Contact Information

Vittorio Castelli
Principal Research Staff Member
Thomas J. Watson Research Center, Yorktown Heights, NY USA
      +1dash914dash945dash2396


My current work is in the Natural Language Processing area, and focuses on machine-learning algorithms for information extraction from text and on multilingual question answering.

I belong to the Statistical Multilingual Information Extraction group of the Multilingual NLP Technologies department.

I am doing research in the Cognitive Computing area, specifically on multilingual question answering, as a collaboration with the IBM Watson Group

My theoretical work is on properties of active learning algorithms, specifically on the optimal number of labeled samples as a function of the number of unlabeled samples under broad parametric assumptions.

I mentor co-workers on developing inventive ideas into patentable inventions and I serve as technical expert in IBM internal evaluation of invention disclosures in the area of Cognitive Computing.

My past work in my department was mostly focused on government projects:

I was the technical lead and principal architect for the ENEX project, which developed a system that enables users to search and browse a corpus of technical or news documents in terms of entities and and their relations.

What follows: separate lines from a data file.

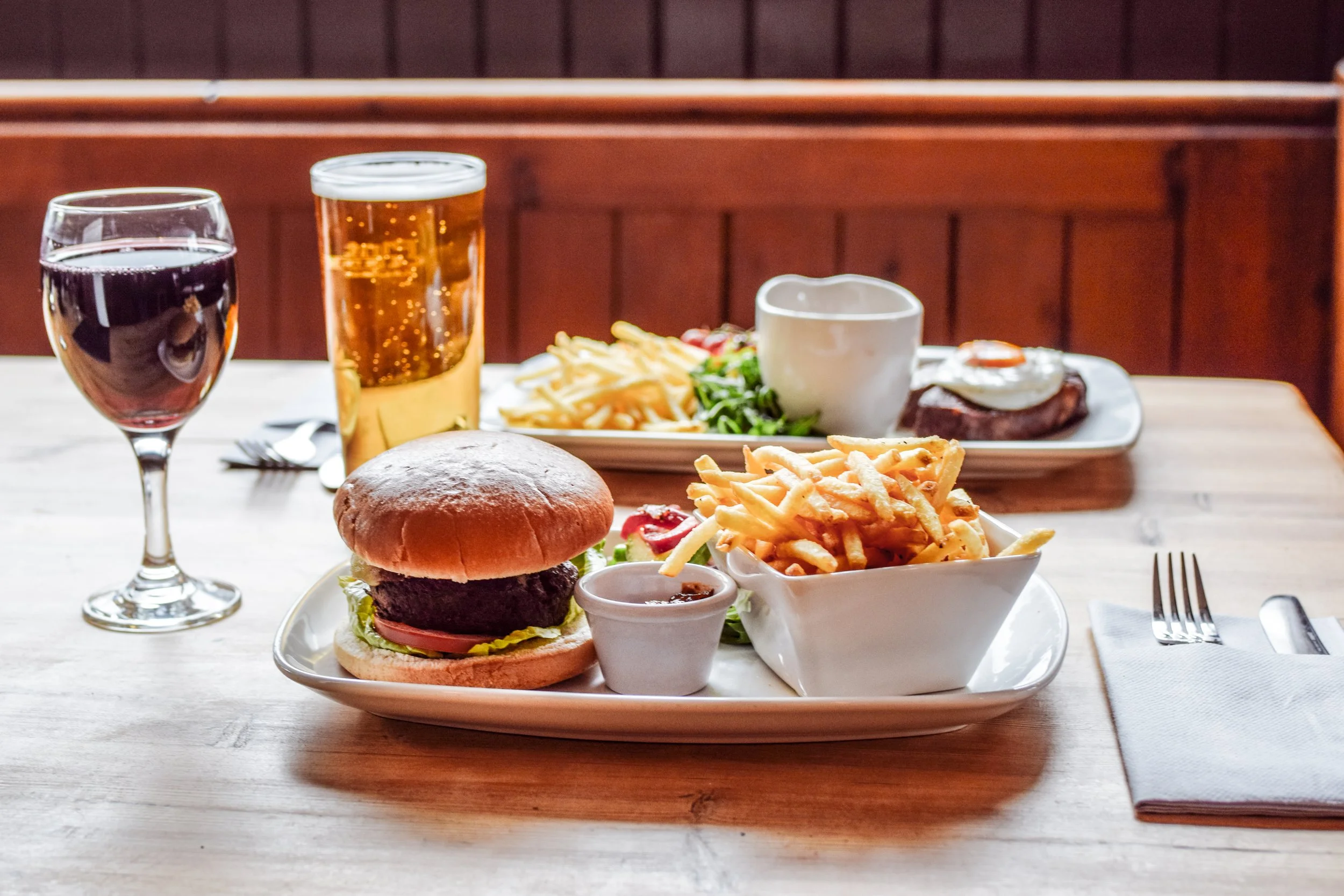 We serve an extensive range of beers, ciders, wines, spirits, a large choice of alcohol-free drinks and an impressive selection of gin and whisky.
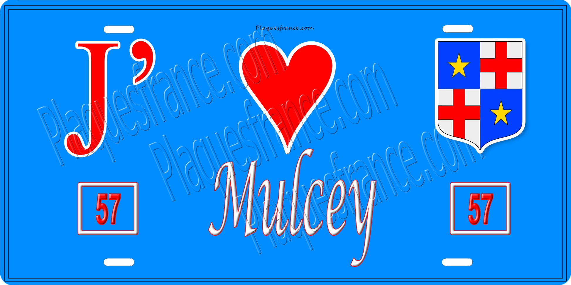 Plaque métal décorative 15 x 30 cm fond bleu 57 J' ❤️Mulcey, canton du Saulnois Moselle 57
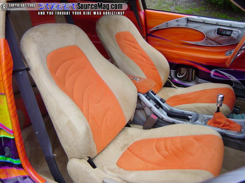 Now that Jonathans Type R had a paint job that could take on ANY paint job in the scene, it was time to make the interior match. The seats, headliner and floorboard were all stripped in favor or a new coating of tan and orange suede.
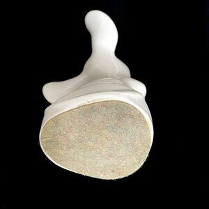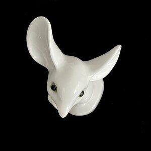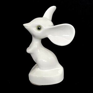 Alfred Dube founded Canadiana Pottery, Ltd. in Ingleside, Ontario after working for Blue Mountain Pottery in Collingwood, Ontario. Many of his pieces reflect his background with BMP, but "The Collectables" series steps away from the multi-coloured drip or Reflow glaze in favour of a smooth white. The bright white makes the green of the plastic eyes pop.
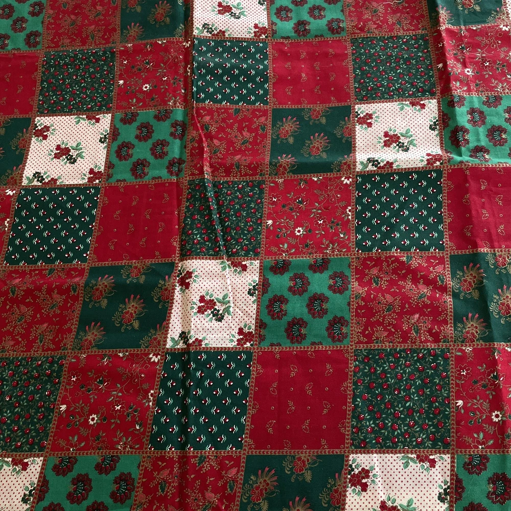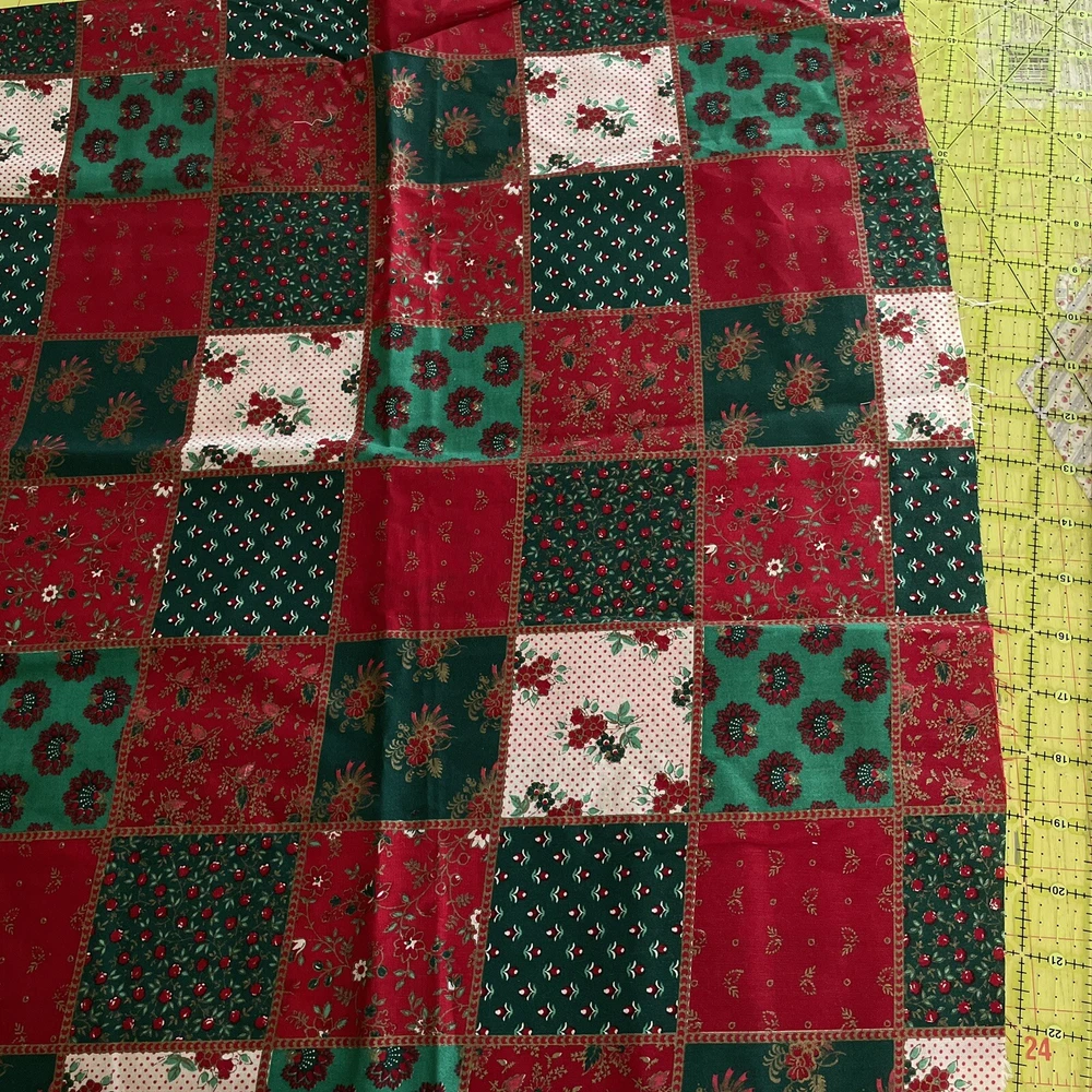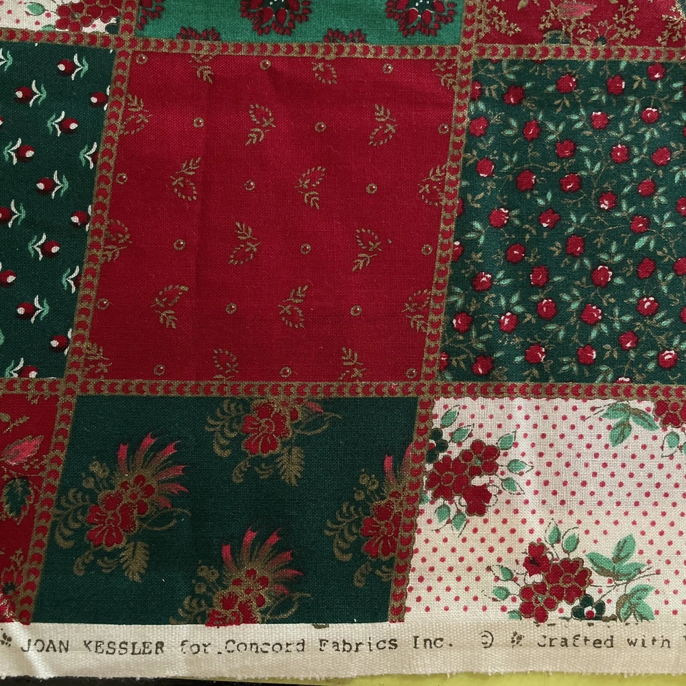 red green cream floral flower patchwork cheater joan kessler 1 yard. Comes as a little over a yard; 38”. Pattern is off centered and not straight with pattern. Has a slight musty odor.
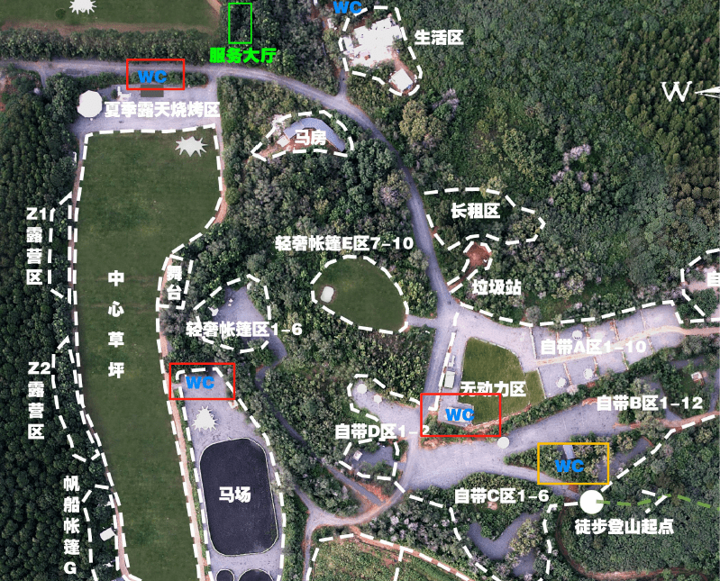 - Z1 / Z2露營區:森林包圍,適合安靜型帳篷佈置

I was the technical lead for the DELPHI consortium team that participated to the BOLT IR task in the DARPA BOLT program.  The team includes IBM as the primary and Columbia, UMASS, UMD, and Stanford as partners.  I am also the architect of the DELPHI IR system.

I worked on algorithms for the DARPA GALE Distillation task (precursor to the BOLT IR task), and in the last two years of the program I was the principal architect of the distillation system for the Rosetta consortium, lead by IBM.

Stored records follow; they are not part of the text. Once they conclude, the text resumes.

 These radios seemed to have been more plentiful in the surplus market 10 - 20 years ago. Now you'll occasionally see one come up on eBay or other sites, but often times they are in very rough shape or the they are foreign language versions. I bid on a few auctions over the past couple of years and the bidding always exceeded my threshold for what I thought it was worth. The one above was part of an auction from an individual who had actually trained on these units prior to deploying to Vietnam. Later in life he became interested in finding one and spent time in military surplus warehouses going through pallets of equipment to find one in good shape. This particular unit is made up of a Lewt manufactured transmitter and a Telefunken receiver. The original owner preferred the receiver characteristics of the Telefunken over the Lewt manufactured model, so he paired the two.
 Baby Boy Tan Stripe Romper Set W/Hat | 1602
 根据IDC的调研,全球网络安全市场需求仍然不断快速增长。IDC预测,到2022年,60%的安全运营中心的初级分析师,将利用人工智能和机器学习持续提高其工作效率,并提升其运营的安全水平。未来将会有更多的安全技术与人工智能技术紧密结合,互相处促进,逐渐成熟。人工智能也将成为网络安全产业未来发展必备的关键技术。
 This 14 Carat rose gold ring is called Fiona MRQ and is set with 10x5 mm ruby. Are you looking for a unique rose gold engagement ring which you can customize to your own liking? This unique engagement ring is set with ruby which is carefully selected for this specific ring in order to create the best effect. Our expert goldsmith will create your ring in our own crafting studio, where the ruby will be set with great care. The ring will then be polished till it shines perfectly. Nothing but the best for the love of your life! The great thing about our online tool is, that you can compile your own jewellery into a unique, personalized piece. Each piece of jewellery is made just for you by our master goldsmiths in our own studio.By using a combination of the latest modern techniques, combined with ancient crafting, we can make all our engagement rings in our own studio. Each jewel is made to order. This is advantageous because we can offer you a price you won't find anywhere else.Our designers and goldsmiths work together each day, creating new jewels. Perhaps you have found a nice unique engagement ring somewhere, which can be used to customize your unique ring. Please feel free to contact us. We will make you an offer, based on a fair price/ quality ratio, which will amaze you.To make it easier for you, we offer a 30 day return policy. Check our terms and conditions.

My previous work at IBM has been in areas including intelligent user interfaces, autonomic computing, memory compression, statistical pattern recognition, image digital libraries, data mining, and multidimensional indexing structures.

In my spare time, I have taught Information Theory, as well as Statistical Pattern Recognition at Columbia University, through the EE department.

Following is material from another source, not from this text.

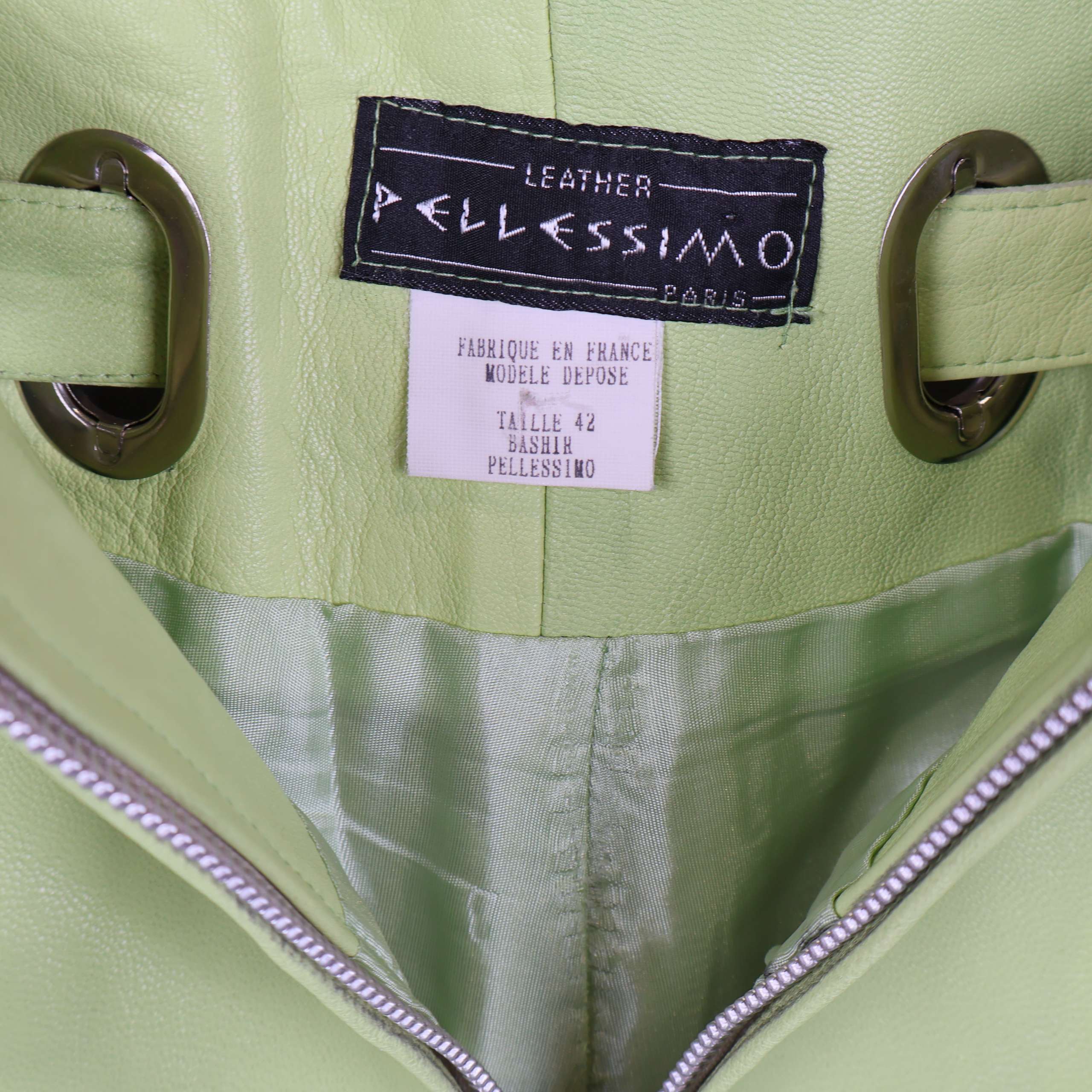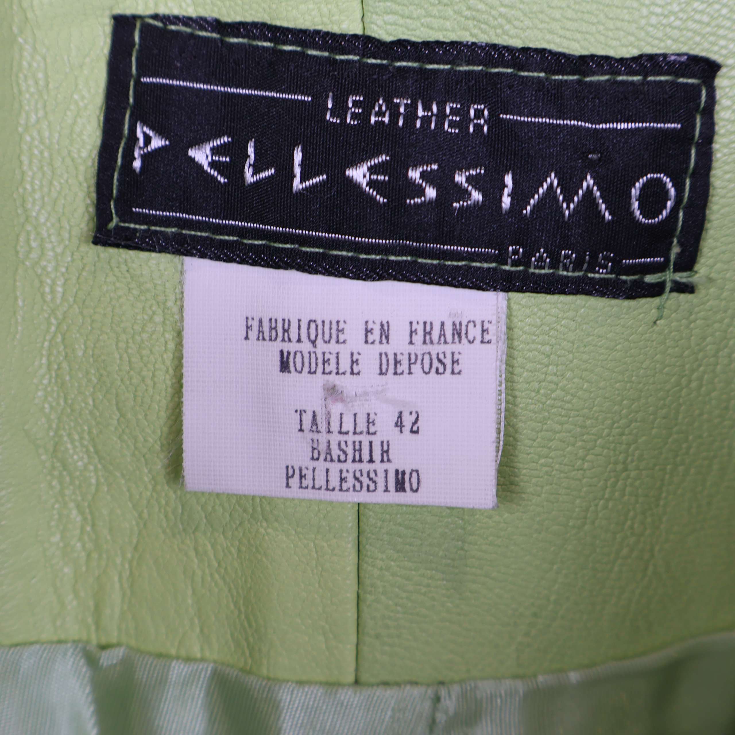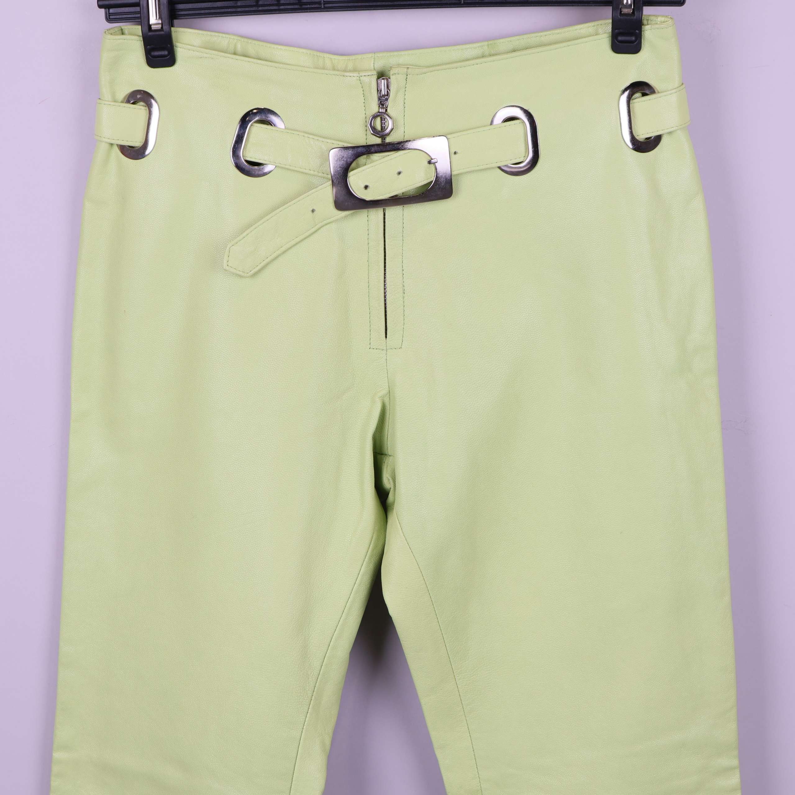 Unika byxor i ljusgrönt läder med dekorativa metalldetaljer och tillhörande bälte för en cool look. Materialet har en mjuk finish med nubuckkänsla, och byxorna har raka ben samt hög midja. Insidan är försedd med ett satinliknande foder som ger extra komfort och en exklusiv känsla.

I served as the Watson chair of the Natural Language Processing Professional Interest Community, I am a member of the board that evaluates IBM Corporate Technical Awards (the highest technical recognition within IBM), I serve on the IBM T.J. Watson Culture Club, and I volunteer as instructor for the Family Science Saturday program (an outreach program sponsored by the IBM T.J. Watson Research Center for fourth and fifth grade students).